Scheduler & Watchdog¶
See also
For complete class and member documentation, see the API Reference.
Task scheduling, dependency tracking, and timeout monitoring.
All classes are in the dftracer::utils namespace.
For executor configuration and progress tracking, see Executor Classes. For task creation and DAG building, see Task System.
graph TB
subgraph Scheduling["Task Scheduling"]
Scheduler["Scheduler"]
Watchdog["Watchdog"]
Executor["Executor"]
end
subgraph Policies["Error Handling"]
ErrorPolicy["ErrorPolicy enum"]
ErrorHandler["ErrorHandler callback"]
end
subgraph Monitoring["Monitoring"]
TaskExec["TaskExecution"]
TimeoutCB["TimeoutCallback"]
WarningCB["WarningCallback"]
end
Scheduler --> Executor
Scheduler --> Watchdog
Scheduler --> ErrorPolicy
Scheduler --> ErrorHandler
Watchdog --> TaskExec
Watchdog --> TimeoutCB
Watchdog --> WarningCB
Scheduler¶
DAG task scheduler with dependency tracking and error handling.
The Scheduler manages the lifecycle of tasks in a directed acyclic graph (DAG):
Validates task dependencies and input types
Prepares inputs from parent task results (using combiners)

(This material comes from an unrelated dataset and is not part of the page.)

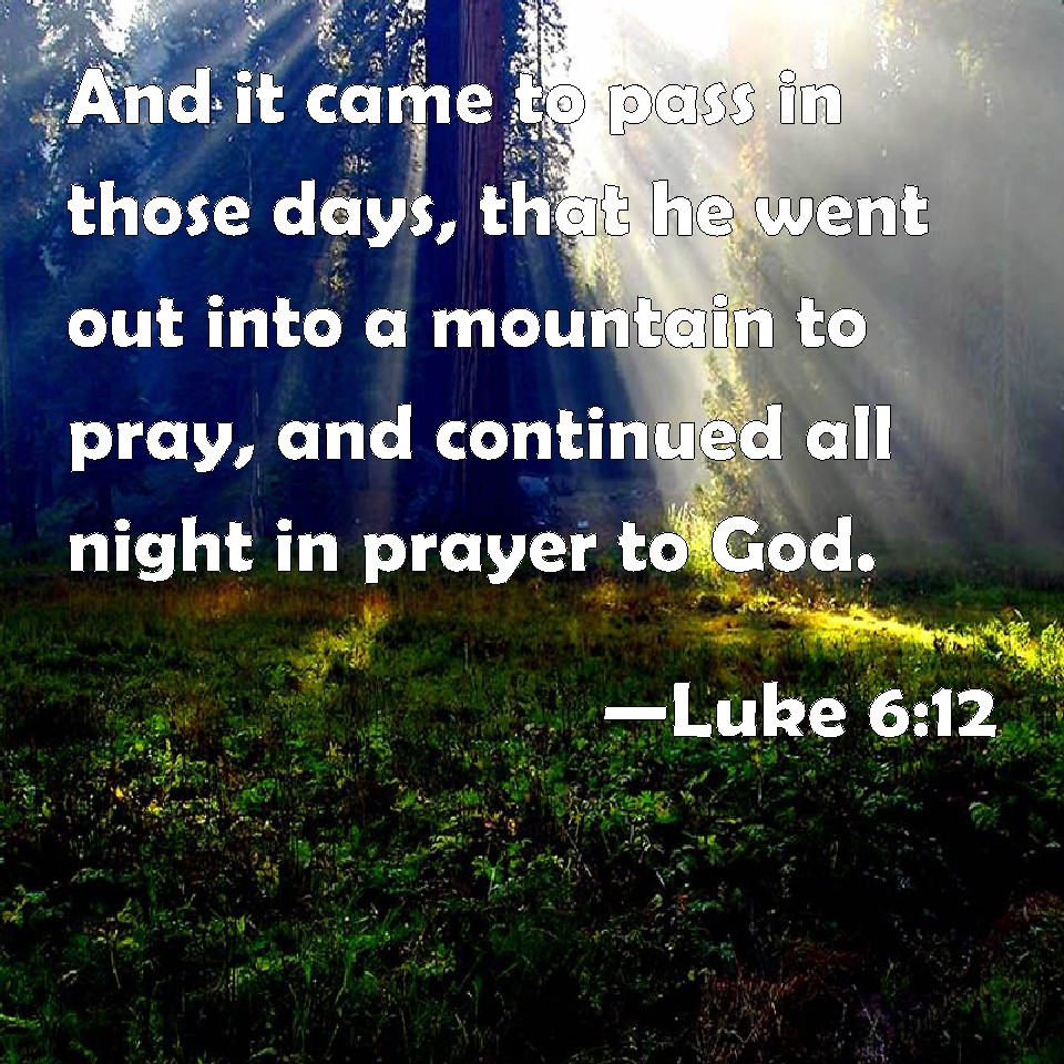 Choose a Background Luke 6:12 And it came to pass in those days, that he went out into a mountain to pray, and continued all night in prayer to God. KJV: And it came to pass in those days, that he went out into a mountain to pray, and continued all night in prayer to God. DRB: And it came to pass in those days, that he went out into a mountain to pray, and he passed the whole night in the prayer of God. DBT: And it came to pass in those days that he went out into the mountain to pray, and he spent the night in prayer to God. ERV: And it came to pass in these days, that he went out into the mountain to pray; and he continued all night in prayer to God. WBT: And it came to pass in those days, that he went out to a mountain to pray, and continued all night in prayer to God. WEB: It happened in these days, that he went out to the mountain to pray, and he continued all night in prayer to God. YLT: And it came to pass in those days, he went forth to the mountain to pray, and was passing the night in the prayer of God,Links Luke 6:12 NIV • Luke 6:12 NLT • Luke 6:12 ESV • Luke 6:12 NASB • Luke 6:12 KJV • Luke 6:12 Interlinear • Luke 6:12 Commentaries • Luke 6:12 Parallel Texts • Luke 6:12 Bible Apps • Luke 6:12 Parallel • Bible Hub |

Submits ready tasks to the Executor
Tracks completion and propagates results to children
Handles errors according to the configured ErrorPolicy
Error policies:
FAIL_FAST— Stop on first error (default)CONTINUE— Continue processing remaining tasksRETRY— Retry failed tasks (with backoff)
Timeout support:
Global timeout for entire pipeline execution
Per-task timeout with configurable defaults
Watchdog thread monitors for deadlocks and stalls
Usage example:
auto executor = std::make_unique<Executor>(ExecutorConfig{.num_threads = 4});
Scheduler scheduler(executor.get());
scheduler.set_error_policy(ErrorPolicy::FAIL_FAST);
scheduler.set_global_timeout(std::chrono::seconds(300));
scheduler.set_progress_callback([](size_t completed, size_t total) {
std::cout << completed << "/" << total << " tasks done\n";
});
// Schedule a root task
auto task = make_task([](CoroScope& ctx, const std::any& input) -> CoroTask<int> {
co_return 42;
});
scheduler.schedule(task, std::any{});
Watchdog¶
Independent monitoring thread for timeout detection and responsiveness checks.
The Watchdog runs on a separate thread and periodically checks:
Global timeout — Has the entire pipeline exceeded its time budget?
Per-task timeout — Has any individual task exceeded its timeout?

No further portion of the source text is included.